My impression is that Craig gets MMP. He told me there's nothing certain about the Conservatives being anyone's coalition partner; he says he has something in common with just about every party and when I mentioned the Greens' model of independence and memorandums of understanding, he nodded energetically.
It's been easy this past week to dismiss Craig, and roll your eyes as Key did. But he's right that he has cross-over with every party, and therefore the potential to pull voters from every party. People talk vaguely about the ACT vote and certainly he'll pull from the soft National vote. He could be a real threat to New Zealand First and their elderly base. But he tells me most of his members in Northland are Maori, and imagine how his message will go down in the P.I. churches, so he may well chip votes from the left as well.
Don't get me wrong; he's clunky on race. Look at this from an election flyer:
By way of background, I am not Maori (yep, it’s true, and you probably guessed it from my white looking face), but I have had the benefit of a lot of positive multicultural interaction and I like Maori people.
He might as well have just said 'some of my best friends are Maori'. But the policy thrust will make some in-roads until his message improves.
Take this example: One Conservative policy is no pay without work. He wants to cut the welfare state and like Paula Bennett thinks parents are better working. How does that hold with the family values message? He reckons kids do better when the household is richer, so after the first year you really should be working, regardless.
Paying parents to stay home? Nah. Because that takes money out of someone else's pocket.
So economics trumps morality on that one. But where are the jobs then?
The government will have to create them, he says. Start by planting forests. It's the sugarbag years all over again.
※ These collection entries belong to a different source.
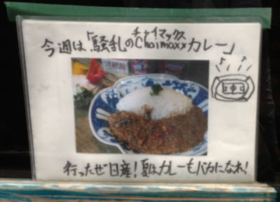 『今週は「騒乱のChaimaxx(チャイマックス)カレー」 行ったぜ日産!夏はカレーもバカになれ!』と入り口に書いてあります。
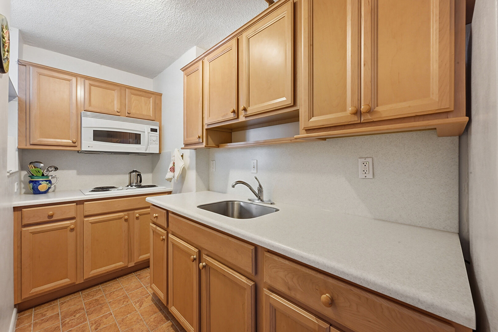 Baseboards Wall, Crown Molding Cabinets, Drywall, Open Shelves, Shaker Cabinets, Textured Ceiling, Tile Floor, Natural Light, Open Shelves, Textured Ceiling
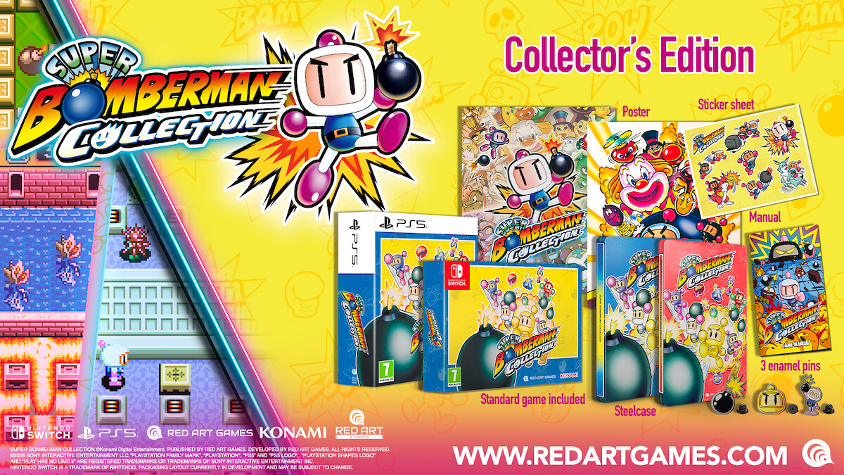 KONAMI ha anunciado que las versiones digitales de SUPER BOMBERMAN COLLECTION ya están disponibles para PlayStation 5, Xbox Series X|S, Steam , Nintendo Switch 2 y Nintendo Switch. Las reservas de copias físicas del icónico party también comienzan hoy y se lanzarán el 28 de agosto.
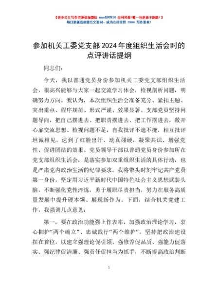 / 参加机关工委党支部2024年度组织生活会时的点评讲话提纲
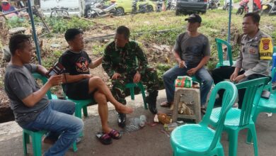 Bahu membahu Anggota Koramil 12/Rajeg Lakukan Perbaikan Pangkalan
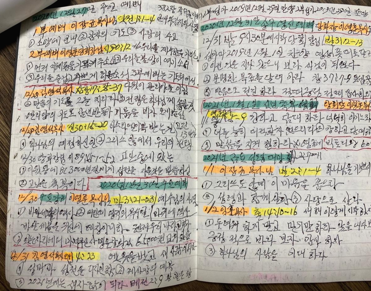 수첩 뒤에 기도제목들이 적혀 있다는 것. (개인적인 사항이라 밝힐 수는 없지만...)
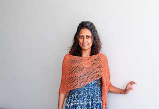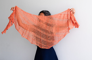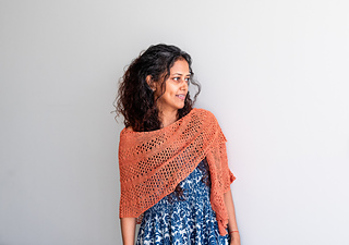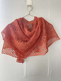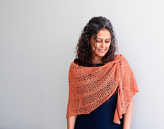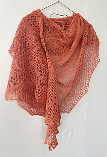 It is an asymmetric wrap worked in one piece. The design uses simple garter stitch bands interspersed with lace rows to create a breezy wrap.
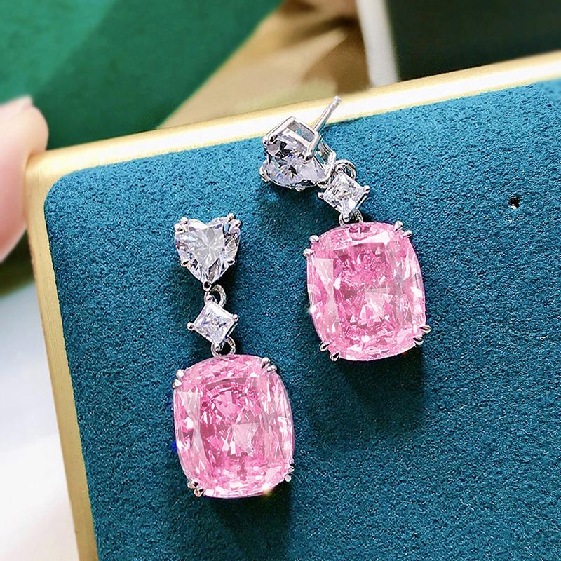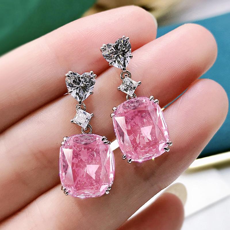 Huitan Sweet Женские роскошные серьги-подвески с ярко-розовыми фианитами, модные великолепные украшения для свадебной вечеринки, свадебные аксессуары
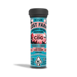 10mg THC : 10mg CBG per piece | 100mg THC : 100mg CBG total in 10 pieces Infused with White Widow and White CBG Live Resin Lost Farm Fruit Chews and Gummies are strain-specific, plant-based confections made with 100% live resin. These edibles immortalize the fresh cannabis plant and harmoniously combine it with fruit flavors that enhance each strain’s unique profile. The result is a full-sensory, ultra-fresh, and extra-strength edible STRAIN NOTES: This potent double hybrid blend marries the highly-popular White Widow strain with the high CBG strain White CBG. The duo's earthy, herbal aromas complement a range of euphoric, carefree experiences both solo and social. FLAVOR NOTES: Tart, juicy, and sweet, White Peach delivers a tangy punch upfront, with a divine dance of woody, earthy notes of White Widow and White CBG. Disclaimer: Because of the unique nature of the cannabis industry, each Kiva product is produced in the state in which it is sold. Accordingly, the content of THC and other cannabinoids may vary depending in which state you purchase your product. Similarly, the ingredients and allergens may also vary slightly by state. For the most accurate potency, ingredient, and allergen information, please refer to your product package. Flavors Earthy Spicy/Herbal Blueberry
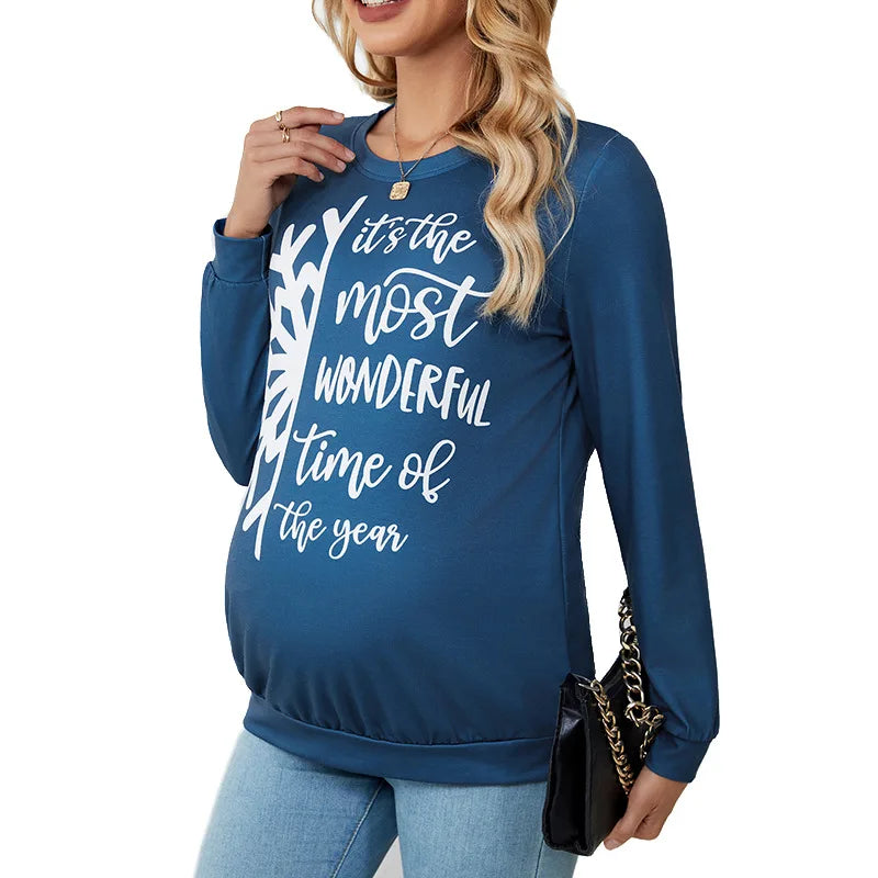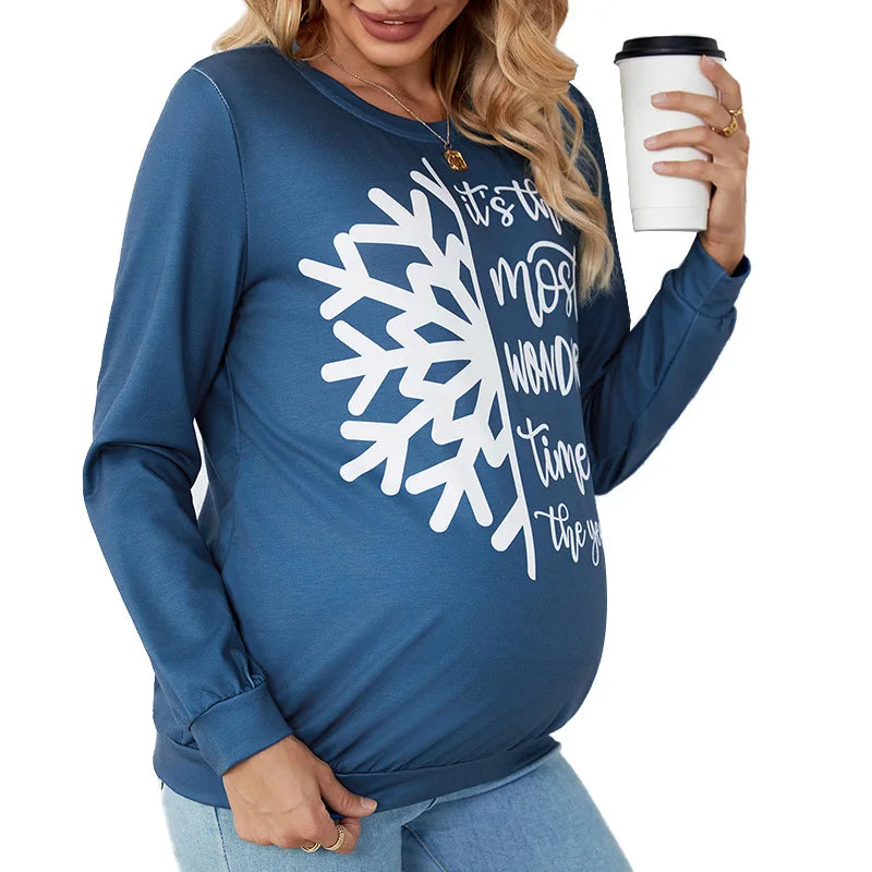 Plus Size Casual Women Pregnant Hoodies Blue Crew Collar Print Hoodied Comfortbale Tops
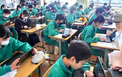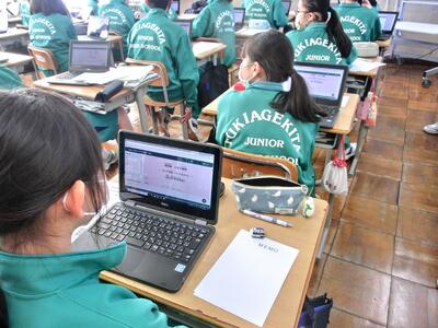 埼玉県学力・学習状況調査が来年度より紙ベースの調査からパソコンでの実施になることで、市内一斉にCBT体験を実施しました。今まで、調査用紙に記入していたものが、パソコンを操作しながら回答を打ち込むことになるため、複雑な操作ができる技能を正しく身につけていなければなりません。操作に時間がかかって、時間内に終了することができるかどうか、また、電波の障害がないかどうか心配です。
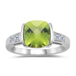 This luminous Peridot and Diamond Womens Ring puts the emphasis on a cushion checker board Peridot channel set, ornate with four splendid Diamonds prong set in 14K White Gold. Approximate Gemstone Weight: 2.04 Carats. Approximate Diamond Weight: 0.08 Carats. Make a sophisticated style statement with this wonderful ring. This product is sold by JEWELS-BY-SABRINA.,METAL:14K Gold,ACTUAL METAL:14K White Gold,RHODIUM:Yes,NUMBER OF DIAMONDS:4,SHAPE:Round,MINIMUM COLOR:H,MINIMUM CLARITY:SI,MINIMUM CARAT TOTAL WEIGHT:0.08,SETTING STYLE:Prong Setting,GEMSTONE:Peridot,SHAPE:Cushion Checker Board,AVERAGE COLOR:Medium Green,AVERAGE QUALITY:AA,MINIMUM CARAT TOTAL WEIGHT:2.04,GEMSTONE DIMENSIONS:8 mm,SETTING STYLE:Channel Setting,NUMBER OF STONES:1,COLOR:Green- White,PRODUCT TYPE:Fashion Ring,GENDER:Womens,MATERIAL:Gemstone-White Diamond
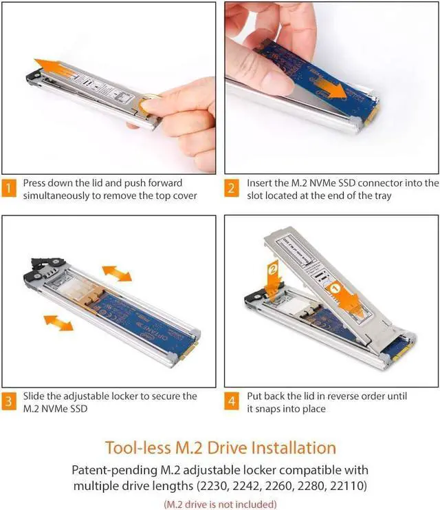 Fits 1x M. 2 PCIe NVMe SSD with all drive length including 2230 (30mm), 2242 (42mm), 2260 (60mm), 2280 (80mm), and 22110 (110mm)
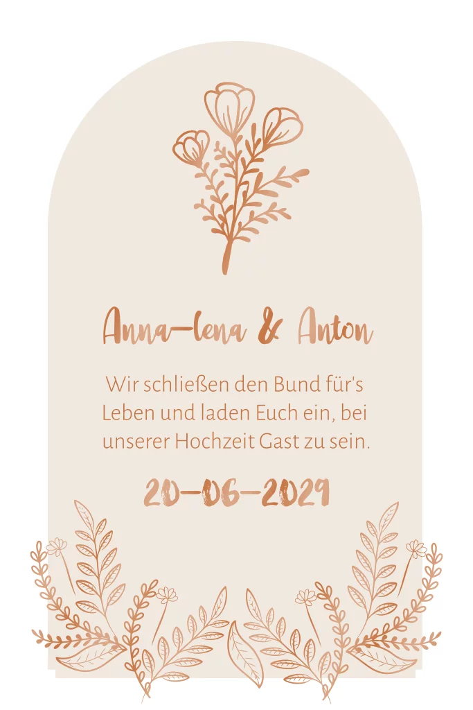 Einladungskarte zur Hochzeit in Bogenform mit floralen Elementen in hochglanzveredeltem Kupfer. Die weiße Karte im Hochformat mit beigem Hintergrund auf der Vorderseite. Die Blume und Greenery Elemente sind auf der Rückseite in beige.

But the thing to note is that there's no trite devotion to the markets. Here's a small government man promising bigger government when it comes to job creation. Listen to him talk about job creation in the north and you could be listening to Hone Harawira.
Or rather, Rob Muldoon.
I know, you couldn't think of a wilder comparison. That grinning nobody from Rodney like the grumpy, fierce King of New Zealand? At face value, they're miles apart.
But what is the Conservative Party if not the National Party circa 1975? Conservative yet interventionist, with a 'we know best' streak a mile wide. A friend of the farmer and enemy of the rule breaker, a bit populist, and a lot old school. This is the 'old right' -- the sort of thing National used to be pre-Ruth Richardson.
And as all things go in cycles, I suspect there's an appetite for a bit of that these days. My bet is that the Conservatives will be up in the next polls.